Most of my posts are on the Sodas forum but I do like to collect jars when I can find them. Not too many have turned up for me since I have joined the forum until recently. I called a classified ad that resulted in me buying many soda bottles as well as a few fruit jars. There are many more jars there but I have been distracted by hundreds of other bottles so I need to take another look.

 First is a Eureka Jar with a lid that I am not sure is original or not. It fits but seems very tight and does not want to come off. Unfortunately, there is a 2" crack on the right side coming down from the top. Looks good on display and was hard to pass up for $5 since I have not seen one before.

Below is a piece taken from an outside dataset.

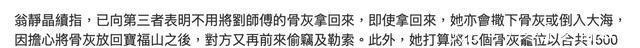 翁静晶示意协调他的局外人称,这些盗骨灰之东谈主用了至少一年的期间去踩点,况且偷盗的经由也不简便。由于这些有钱东谈主、名东谈主的骨灰龛王人在较高的位置,况且占位很大,他们要爬到很高的位置,抬下安详的石碑拿走内部的骨灰,再把石碑收复且归。这工程本就不简便,多样老本至少也要50万,如今一分钱王人拿不到,当然就心生不悦,故此特意向翁静晶催讨。没念念到翁静晶作风坚贞,看来即是猝然无功一场空。

*Eureka N.O.F. Patd Dec. 27th 1864.*


----------



## JayBeck (Mar 27, 2011)

I am most curious about this lid. It is a lugged midget lid with writing on the outside of the lid. This is the first zinc lid I have come across with writing on the outside other than Ball or Atlas. I know very well how tough it is to find the original lids for the midgets but I thought this one was even better. It appears to be RB# 1938 which says add $5-10 for lugged lid but earlier in the Mason listings it says that original midget lids can be up to 50% of the value on common jars. So I'm not quite sure what just this midget lid is worth.

 Outside:
*TradeMark Boyd's Porcelain Lined 
 Patented July 18 1871 March 30 1869
 Reissued Oct. 25 1881 (cross in center)*
 Inside:
*Boyd's Genuine Porcelain Lined (no cross in center)*

 I just noticed that all of the Ns on the porcelain liner are reversed.


----------



## JayBeck (Mar 27, 2011)

Here are a couple of jars I have never seen before that are apparently somewhat common but I like them.

*The Mason*

*Mason *


----------



## JayBeck (Mar 27, 2011)

The last one is just plain aqua wax sealer with a 7 embossed on the bottom but very whittled, bubbly and near mint.


----------



## cowseatmaize (Mar 27, 2011)

that Eureka is a good one. the book is $250+ and maybe another $250 for an original lid. It depends on the book interpretation. The crack's gonna hurt but... nice jar!


----------



## cowseatmaize (Mar 27, 2011)

Jay, I'd go higher than $5-10. 1938 doesn't even list a midget so I'd go 20-25+. The problem with the percentage to me has always been when a jar in amber is worth $400 and aqua $50. Then what is the lid, $25 or $200? If it really does matter, only sell it to someone with an real oddball color jar.


----------



## dygger60 (Mar 27, 2011)

Can ya snap a pic of the top of the EUREKA jar?   Would be intresting to see if it is original or not....the lids are a tough one......

    If that is the original lid....even with the crack.....you will still be up much more than ya paid....nice find!!

 Thanks

   David


----------